-- Source data follows --

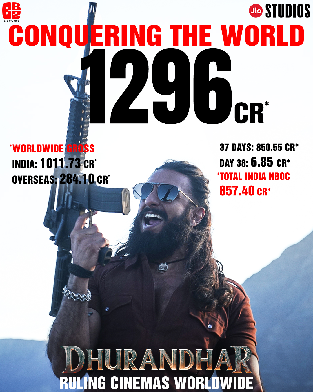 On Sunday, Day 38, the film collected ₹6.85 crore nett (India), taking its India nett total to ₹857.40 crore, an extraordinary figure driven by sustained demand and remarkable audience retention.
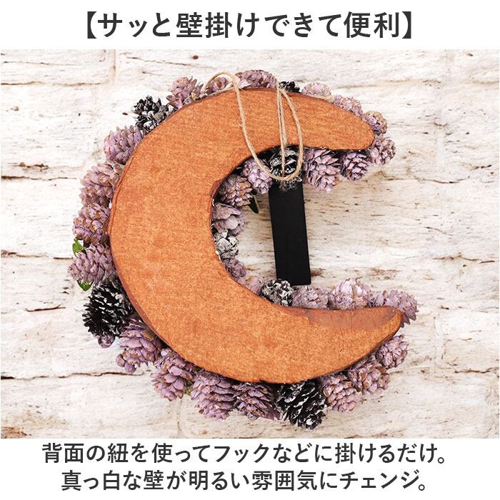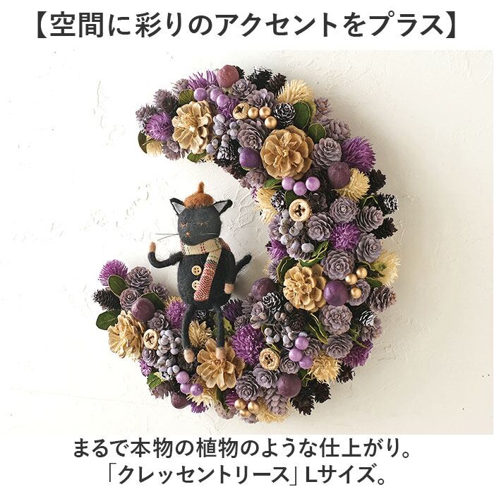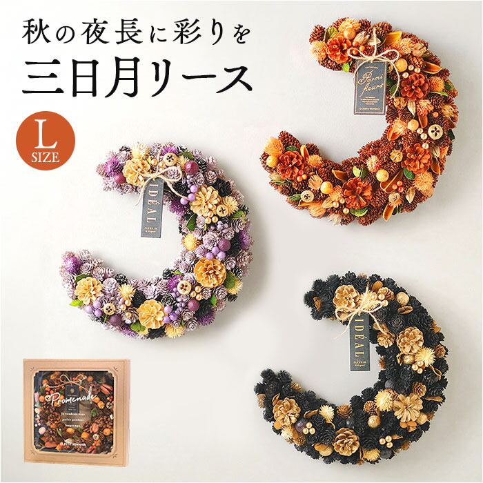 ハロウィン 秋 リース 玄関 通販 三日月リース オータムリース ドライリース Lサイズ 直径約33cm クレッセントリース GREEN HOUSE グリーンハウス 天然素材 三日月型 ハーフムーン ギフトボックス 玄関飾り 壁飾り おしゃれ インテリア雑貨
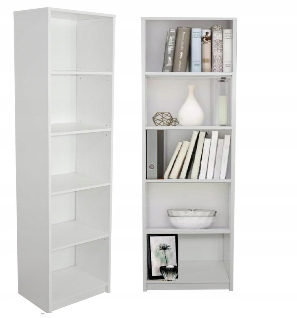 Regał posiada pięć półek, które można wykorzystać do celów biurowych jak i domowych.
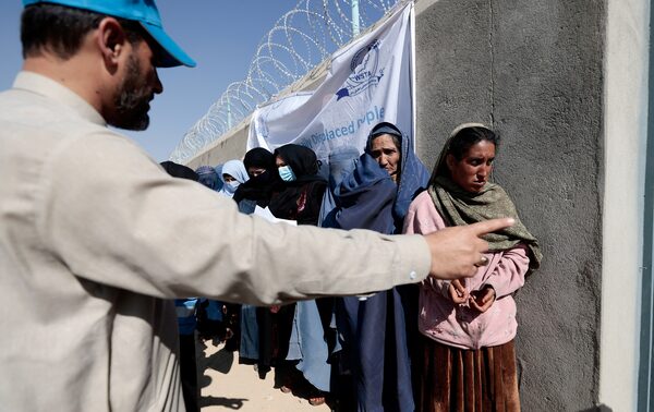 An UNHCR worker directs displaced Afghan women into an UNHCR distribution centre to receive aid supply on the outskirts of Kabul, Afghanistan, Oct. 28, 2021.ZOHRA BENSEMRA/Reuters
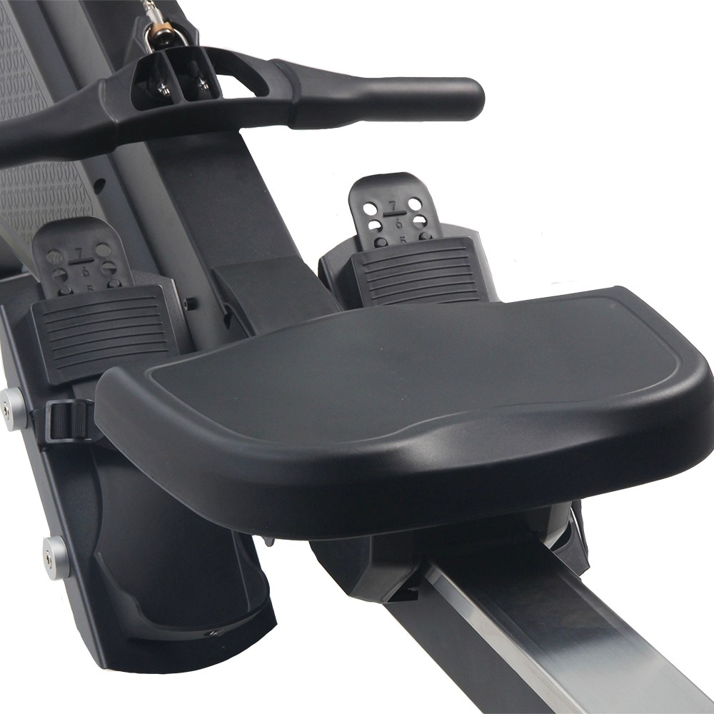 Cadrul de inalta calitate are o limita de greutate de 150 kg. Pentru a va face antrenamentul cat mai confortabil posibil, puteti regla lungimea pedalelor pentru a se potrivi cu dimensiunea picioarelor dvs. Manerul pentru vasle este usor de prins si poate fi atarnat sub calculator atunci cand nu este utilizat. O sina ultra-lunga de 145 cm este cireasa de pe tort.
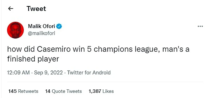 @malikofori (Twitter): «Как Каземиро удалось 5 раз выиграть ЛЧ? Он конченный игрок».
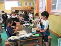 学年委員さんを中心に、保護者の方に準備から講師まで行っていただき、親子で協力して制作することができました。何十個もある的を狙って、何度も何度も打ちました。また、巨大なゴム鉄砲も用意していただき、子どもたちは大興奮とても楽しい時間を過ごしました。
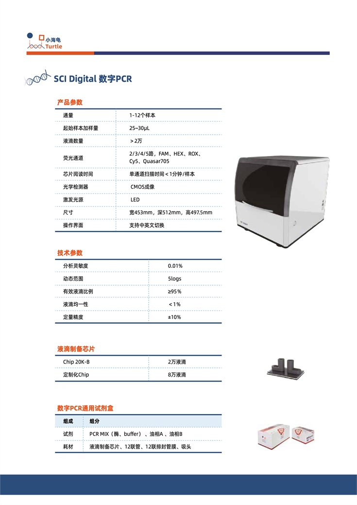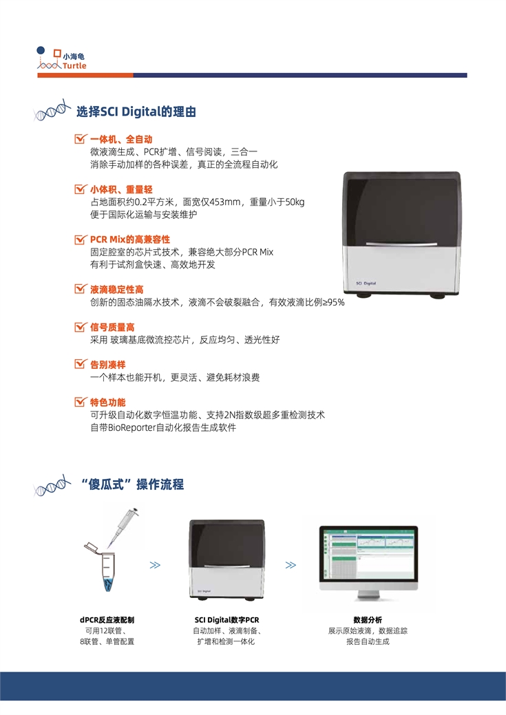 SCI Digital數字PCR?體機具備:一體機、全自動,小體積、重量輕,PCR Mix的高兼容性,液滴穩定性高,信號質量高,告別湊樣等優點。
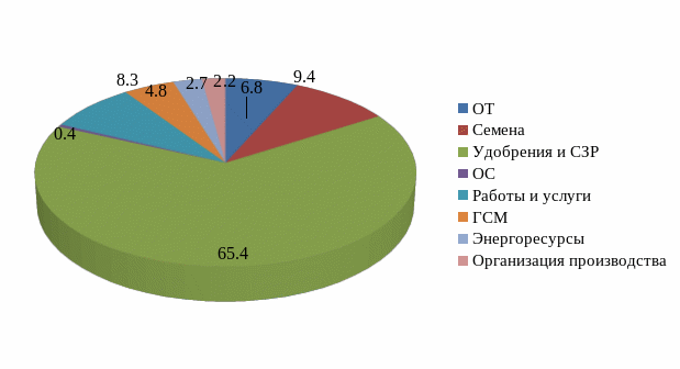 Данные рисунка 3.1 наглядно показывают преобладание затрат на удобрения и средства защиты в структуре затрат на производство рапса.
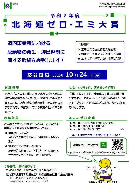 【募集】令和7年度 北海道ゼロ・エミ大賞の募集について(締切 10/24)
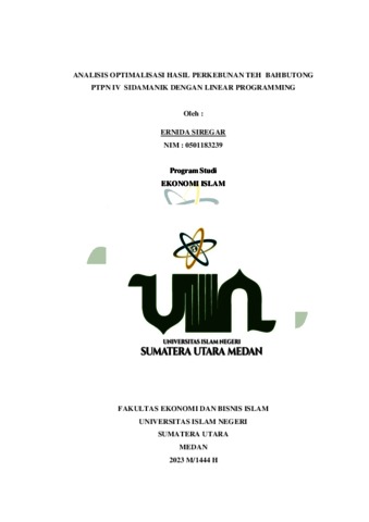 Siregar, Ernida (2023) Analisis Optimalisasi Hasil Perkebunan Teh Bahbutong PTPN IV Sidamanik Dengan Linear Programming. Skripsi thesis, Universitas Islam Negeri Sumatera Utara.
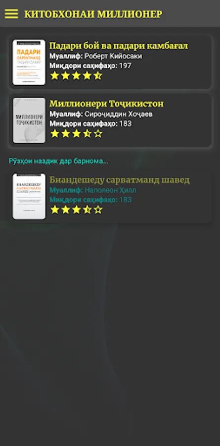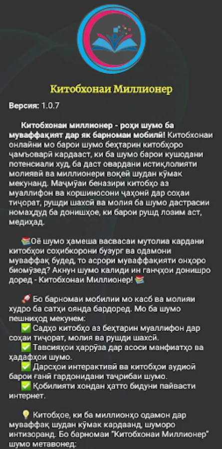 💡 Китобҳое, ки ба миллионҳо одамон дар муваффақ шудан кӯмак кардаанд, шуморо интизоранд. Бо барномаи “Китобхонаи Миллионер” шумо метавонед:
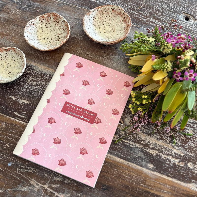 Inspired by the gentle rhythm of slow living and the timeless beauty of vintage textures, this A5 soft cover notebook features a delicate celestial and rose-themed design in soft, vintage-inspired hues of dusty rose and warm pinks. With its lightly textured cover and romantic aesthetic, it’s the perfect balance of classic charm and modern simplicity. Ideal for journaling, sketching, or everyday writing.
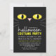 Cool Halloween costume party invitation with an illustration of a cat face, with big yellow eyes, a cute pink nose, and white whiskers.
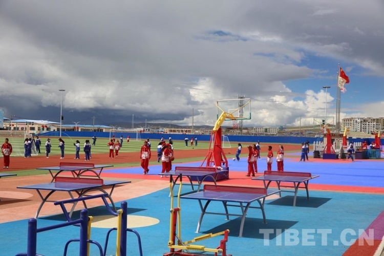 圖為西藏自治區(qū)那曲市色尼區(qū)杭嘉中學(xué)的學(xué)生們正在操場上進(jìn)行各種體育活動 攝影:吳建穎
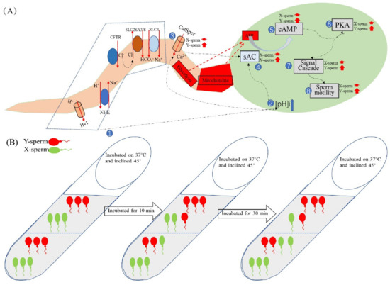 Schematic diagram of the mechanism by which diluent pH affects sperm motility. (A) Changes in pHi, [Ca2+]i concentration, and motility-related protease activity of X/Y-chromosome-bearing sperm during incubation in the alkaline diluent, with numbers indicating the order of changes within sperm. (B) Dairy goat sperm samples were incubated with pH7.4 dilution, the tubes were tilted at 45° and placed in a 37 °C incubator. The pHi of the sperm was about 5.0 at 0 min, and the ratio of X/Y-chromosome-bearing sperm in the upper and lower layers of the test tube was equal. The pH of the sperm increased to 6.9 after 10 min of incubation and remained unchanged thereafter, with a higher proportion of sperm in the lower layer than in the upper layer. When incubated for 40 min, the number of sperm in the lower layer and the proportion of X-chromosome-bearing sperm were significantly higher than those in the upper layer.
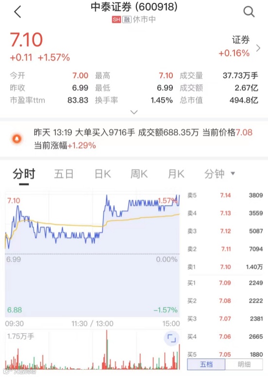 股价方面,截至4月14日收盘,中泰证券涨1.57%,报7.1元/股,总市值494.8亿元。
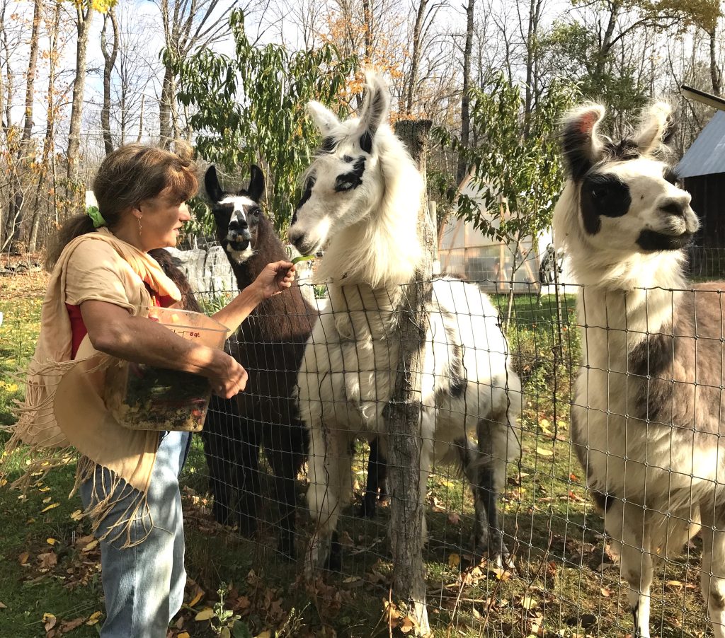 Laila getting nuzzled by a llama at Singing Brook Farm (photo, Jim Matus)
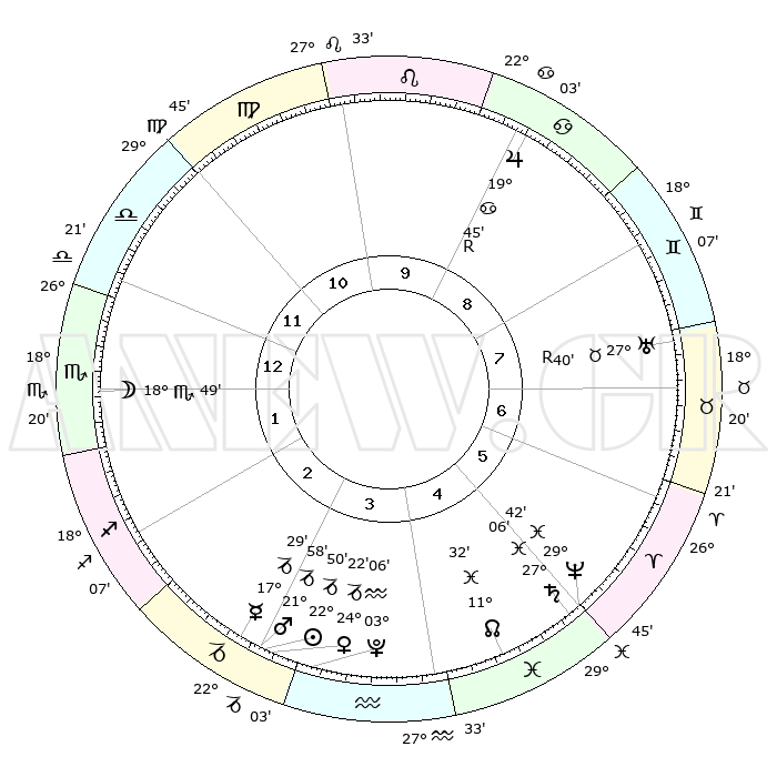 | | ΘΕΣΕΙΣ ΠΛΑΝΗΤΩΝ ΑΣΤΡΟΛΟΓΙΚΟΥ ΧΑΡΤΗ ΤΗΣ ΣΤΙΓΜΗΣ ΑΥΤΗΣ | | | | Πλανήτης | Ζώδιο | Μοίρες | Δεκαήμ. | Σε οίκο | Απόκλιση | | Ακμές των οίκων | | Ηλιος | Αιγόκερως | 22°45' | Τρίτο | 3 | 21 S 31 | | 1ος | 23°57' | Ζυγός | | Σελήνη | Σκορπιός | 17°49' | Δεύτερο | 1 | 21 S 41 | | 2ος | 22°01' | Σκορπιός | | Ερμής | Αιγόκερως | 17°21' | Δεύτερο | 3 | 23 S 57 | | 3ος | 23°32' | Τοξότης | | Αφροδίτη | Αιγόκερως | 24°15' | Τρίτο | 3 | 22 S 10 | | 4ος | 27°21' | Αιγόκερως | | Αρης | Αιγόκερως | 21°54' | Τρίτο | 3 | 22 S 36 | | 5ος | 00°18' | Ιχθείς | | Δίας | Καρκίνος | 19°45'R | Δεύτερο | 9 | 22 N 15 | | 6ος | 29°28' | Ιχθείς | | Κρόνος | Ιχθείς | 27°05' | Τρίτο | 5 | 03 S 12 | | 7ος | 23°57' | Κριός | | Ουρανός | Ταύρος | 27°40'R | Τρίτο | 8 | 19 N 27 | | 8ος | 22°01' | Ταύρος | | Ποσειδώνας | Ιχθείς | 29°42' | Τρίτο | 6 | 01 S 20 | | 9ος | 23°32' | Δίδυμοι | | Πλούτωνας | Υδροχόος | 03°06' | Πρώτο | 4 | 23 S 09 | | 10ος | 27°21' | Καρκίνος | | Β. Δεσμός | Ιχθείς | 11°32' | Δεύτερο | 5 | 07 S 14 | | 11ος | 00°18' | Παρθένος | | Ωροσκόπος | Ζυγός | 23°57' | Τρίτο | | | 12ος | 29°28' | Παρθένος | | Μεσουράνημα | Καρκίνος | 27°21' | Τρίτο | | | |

-- Source data concluded --

**Exercise directions:** Leave the pictures out, and transcribe exactly the lines above starting at the one that contains "Каземиро удалось 5" and ending at the one that contains "Китобҳое, ки ба".

**Result of the exercise:**
 @malikofori (Twitter): «Как Каземиро удалось 5 раз выиграть ЛЧ? Он конченный игрок».
 学年委員さんを中心に、保護者の方に準備から講師まで行っていただき、親子で協力して制作することができました。何十個もある的を狙って、何度も何度も打ちました。また、巨大なゴム鉄砲も用意していただき、子どもたちは大興奮とても楽しい時間を過ごしました。
 SCI Digital數字PCR?體機具備:一體機、全自動,小體積、重量輕,PCR Mix的高兼容性,液滴穩定性高,信號質量高,告別湊樣等優點。
 Данные рисунка 3.1 наглядно показывают преобладание затрат на удобрения и средства защиты в структуре затрат на производство рапса.
 【募集】令和7年度 北海道ゼロ・エミ大賞の募集について(締切 10/24)
 Siregar, Ernida (2023) Analisis Optimalisasi Hasil Perkebunan Teh Bahbutong PTPN IV Sidamanik Dengan Linear Programming. Skripsi thesis, Universitas Islam Negeri Sumatera Utara.
 💡 Китобҳое, ки ба миллионҳо одамон дар муваффақ шудан кӯмак кардаанд, шуморо интизоранд. Бо барномаи “Китобхонаи Миллионер” шумо метавонед:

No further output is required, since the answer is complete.